When Dr. Dickinson entered the classroom, he surprised everyone by asking for a show of hands. How many of the class had seen the film Braveheart? About half the class responded. “Ah, well, it did come out about 15 years ago, when most of you were barely weaned,” he commented. That did not go down well with some of the students, but Dr. Dickinson was a master at ignoring reactions he did not want to recognize. For the rest of the period, he compared the historical situation with that depicted in the film. He commented on the fact that William Wallace was not a highland farmer, but a lowland landowner. He noted that no one in the thirteenth century wore kilts like those shown in the movie. He mentioned the irony that in the film the Battle of Sterling Brig was depicted without a bridge, which is the meaning of the Scottish term ‘brig.’ The bridge played a significant role in the outcome of the struggle. He saved the last two inaccuracies for last. In the film, it is implied that William Wallace had an affaire with Isabelle of France, wife of Prince Edward, the future Edward II. At the time of Wallace’s capture and death, Isabelle was in fact thirteen years old, living in France. He died in 1305, but she did not arrive in England until 1308. While it is implied in the film that Wallace was the father of Edward III, he was not born until 1312. “That,” Dr. Dickinson observed, “would have been the longest pregnancy on record.” Finally, Dr. Dickinson noted that the term ‘brave heart’ was traditionally applied to Robert Bruce, not to William Wallace at all.

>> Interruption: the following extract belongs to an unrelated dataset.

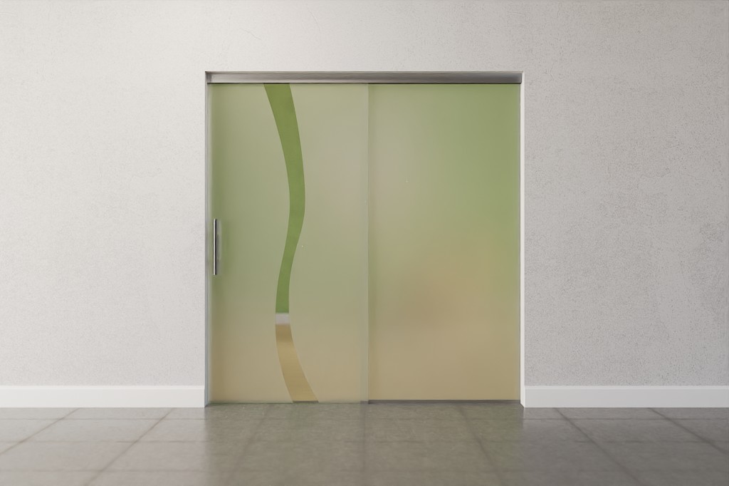 Pionowy wzór fal biegnie tutaj pośrodku matowego szkła. Ten przezroczysty wzór nadaje wnętrzu atrakcyjny dynamiczny charakter i pasuje do każdego stylu wystroju.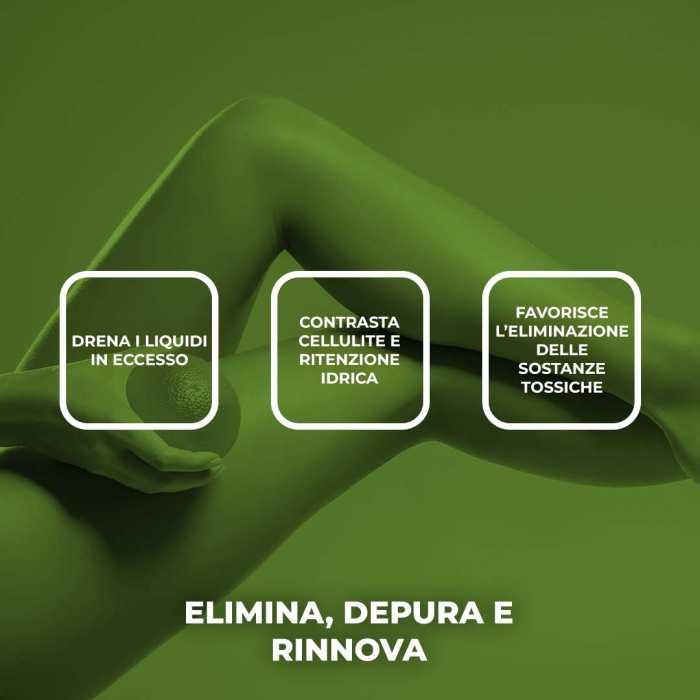 Per garantire la massima efficacia, abbiamo realizzato una formula avanzata composta da 10 ingredienti naturali che agiscono in sinergia tra loro per promuovere sia l'azione drenante che depurativa.

As he prepared to leave the classroom, Dr. Dickinson noted, “It was a good film, which is a shame. More people will believe the film than the facts of British history. This afternoon I shall not cite the ‘Memorable History’ of Messrs. Sellar and Yeatman, as Mr. Gibson has outdone them in presenting a memorable but totally inaccurate account of history.”
Chris Robles, who had purchased his own copy of 1066 and All That, mentioned to Bryce that a lot of the inaccuracies mentioned by Dr. Dickinson, including confusing Wallace and Bruce, were also found in that little volume. “I wonder,” he speculated, “whether Mel Gibson owned a copy of 1066 and All That.”